● EXERCISE PROMPT
Range to copy from the entries below: the line containing "- Jos sinulla" through the line containing "简介:中共党员,助理社会工作", inclusive. Retype only those lines, exactly, without any images.

*** DATA LISTING ***

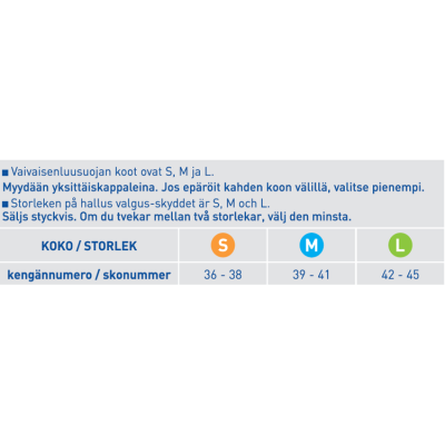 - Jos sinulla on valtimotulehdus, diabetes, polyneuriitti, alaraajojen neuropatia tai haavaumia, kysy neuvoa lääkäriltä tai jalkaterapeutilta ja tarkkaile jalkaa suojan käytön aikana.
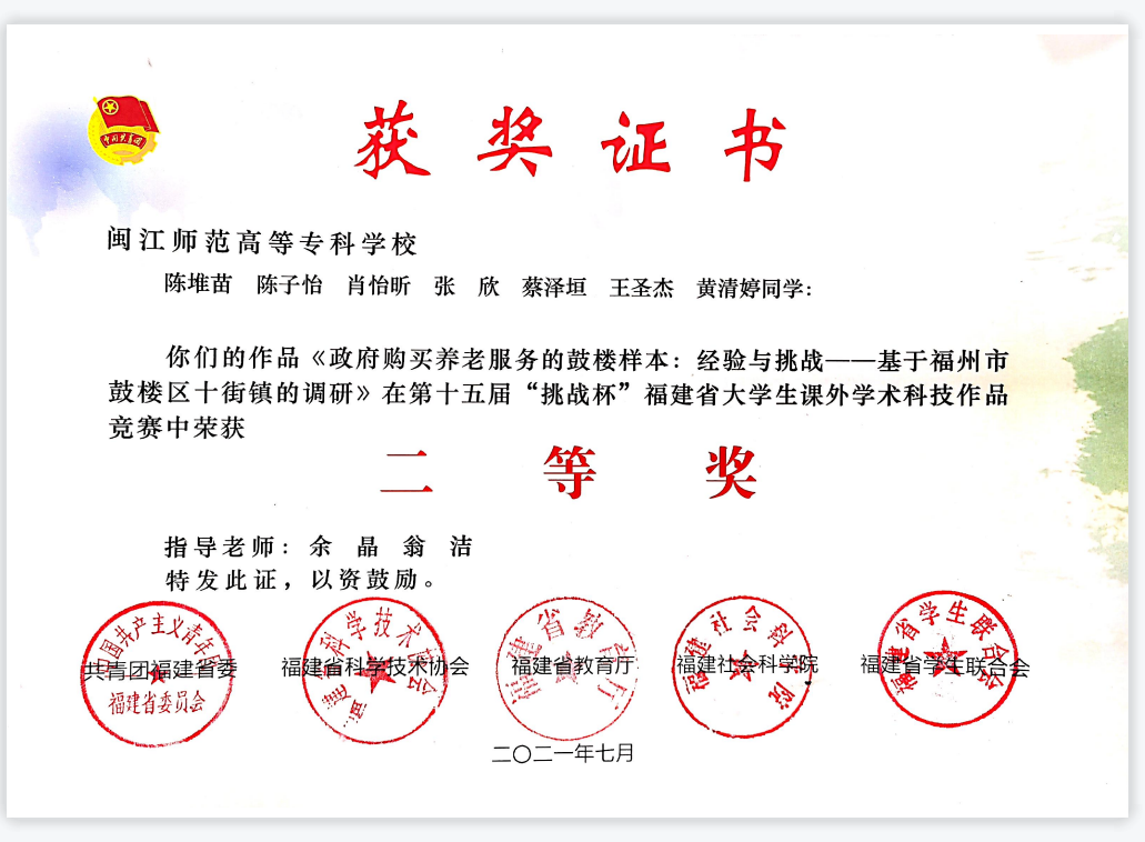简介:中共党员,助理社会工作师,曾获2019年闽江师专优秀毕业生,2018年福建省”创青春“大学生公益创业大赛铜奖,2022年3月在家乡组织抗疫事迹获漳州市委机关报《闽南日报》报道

***
*** DATA LISTING ***

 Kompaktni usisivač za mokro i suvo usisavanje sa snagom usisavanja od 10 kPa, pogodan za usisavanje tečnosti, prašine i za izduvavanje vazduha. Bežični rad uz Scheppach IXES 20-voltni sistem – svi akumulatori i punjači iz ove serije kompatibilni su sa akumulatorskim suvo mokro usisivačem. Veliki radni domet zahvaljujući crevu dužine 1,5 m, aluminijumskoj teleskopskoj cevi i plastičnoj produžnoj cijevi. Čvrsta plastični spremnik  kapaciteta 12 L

***
*** DATA LISTING ***

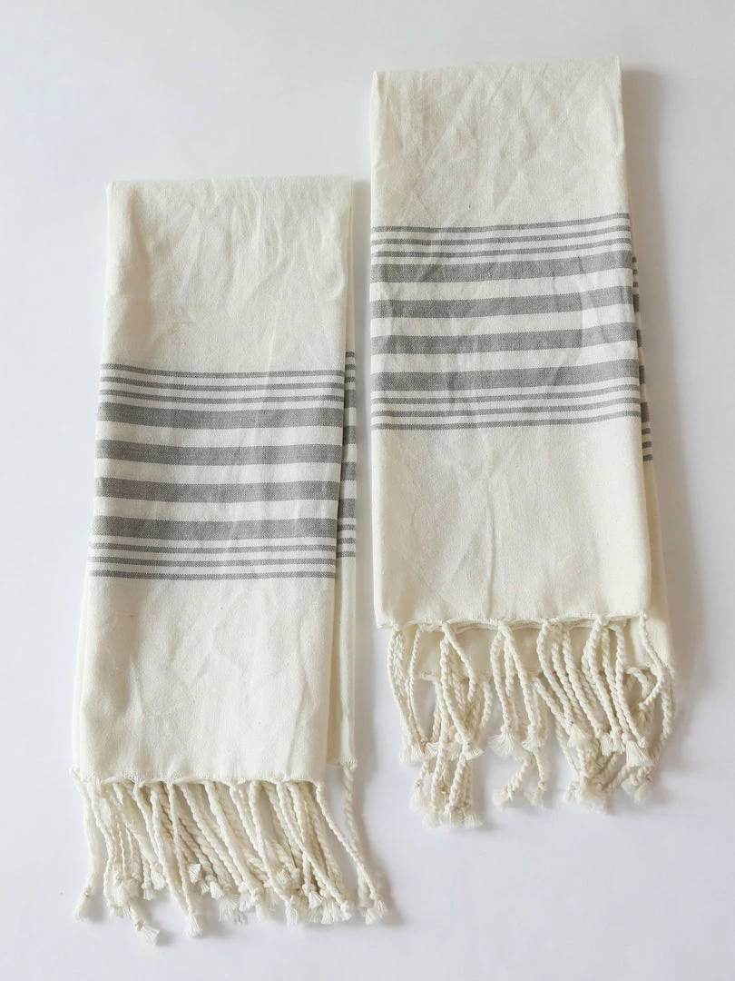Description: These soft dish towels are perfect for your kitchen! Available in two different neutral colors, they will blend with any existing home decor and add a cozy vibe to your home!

***

● EXPECTED ANSWER
 - Jos sinulla on valtimotulehdus, diabetes, polyneuriitti, alaraajojen neuropatia tai haavaumia, kysy neuvoa lääkäriltä tai jalkaterapeutilta ja tarkkaile jalkaa suojan käytön aikana.
简介:中共党员,助理社会工作师,曾获2019年闽江师专优秀毕业生,2018年福建省”创青春“大学生公益创业大赛铜奖,2022年3月在家乡组织抗疫事迹获漳州市委机关报《闽南日报》报道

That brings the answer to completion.